### Instructions for the task
Set down precisely the lines from the line with "その先のマットの上に置いてある4枚の動物カードの" through the end of the material, inclusive, and no pictures.

### Given material
◆ ◆ ◆ ◆ ◆
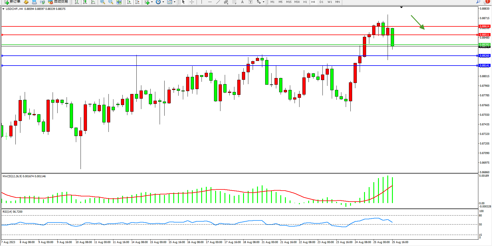 交易策略:0.88393下方看跌,目标0.88260 0.88141
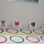 その先のマットの上に置いてある4枚の動物カードの
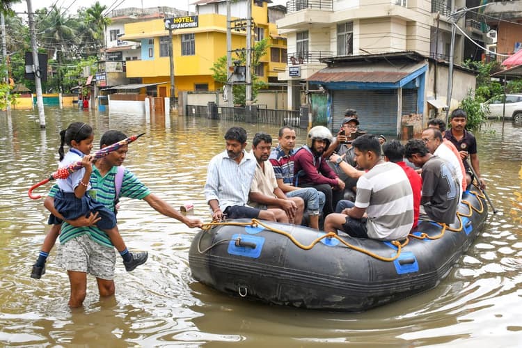 Very Heavy Rain: असम की राजधानी गुवाहाटी में भारी बारिश के कारण कई सड़कों और रिहायशी इलाकों में जलभराव हो गया जिससे यातायात बाधित हुआ और लोगों को भारी परेशानी का सामना करना पड़ रहा है. शहर के कुछ इलाकों में लोगों को घुटनों तक पानी में चलते देखा गया जबकि कई इलाकों में पानी का स्तर सीने तक पहुंच गया. चिड़ियाघर रोड, नवीन नगर, हतीगांव, गणेशगुरी, गीता नगर, मालीगांव, हेदायतपुर, गुवाहाटी क्लब, उलुबारी, लाचित नगर, चांदमारी और पंजाबारी इलाकों में जलभराव की स्थिति देखी गई. शहर के कई स्कूलों में परीक्षाएं हो रही थीं, लेकिन परिसर और रास्तों में पानी भर जाने के कारण मंगलवार सुबह स्कूल बंद कर दिये गये। अधिकांश स्कूल बसें भी नहीं चलीं. कई जगह वाहन पानी में फंस गए. एंबुलेंस भी जगह-जगह रुकी रहीं जिससे मरीजों को समय पर अस्पताल पहुंचाने में दिक्कत आई.
◆ ◆ ◆ ◆ ◆
### Exercise response
 その先のマットの上に置いてある4枚の動物カードの
 Very Heavy Rain: असम की राजधानी गुवाहाटी में भारी बारिश के कारण कई सड़कों और रिहायशी इलाकों में जलभराव हो गया जिससे यातायात बाधित हुआ और लोगों को भारी परेशानी का सामना करना पड़ रहा है. शहर के कुछ इलाकों में लोगों को घुटनों तक पानी में चलते देखा गया जबकि कई इलाकों में पानी का स्तर सीने तक पहुंच गया. चिड़ियाघर रोड, नवीन नगर, हतीगांव, गणेशगुरी, गीता नगर, मालीगांव, हेदायतपुर, गुवाहाटी क्लब, उलुबारी, लाचित नगर, चांदमारी और पंजाबारी इलाकों में जलभराव की स्थिति देखी गई. शहर के कई स्कूलों में परीक्षाएं हो रही थीं, लेकिन परिसर और रास्तों में पानी भर जाने के कारण मंगलवार सुबह स्कूल बंद कर दिये गये। अधिकांश स्कूल बसें भी नहीं चलीं. कई जगह वाहन पानी में फंस गए. एंबुलेंस भी जगह-जगह रुकी रहीं जिससे मरीजों को समय पर अस्पताल पहुंचाने में दिक्कत आई.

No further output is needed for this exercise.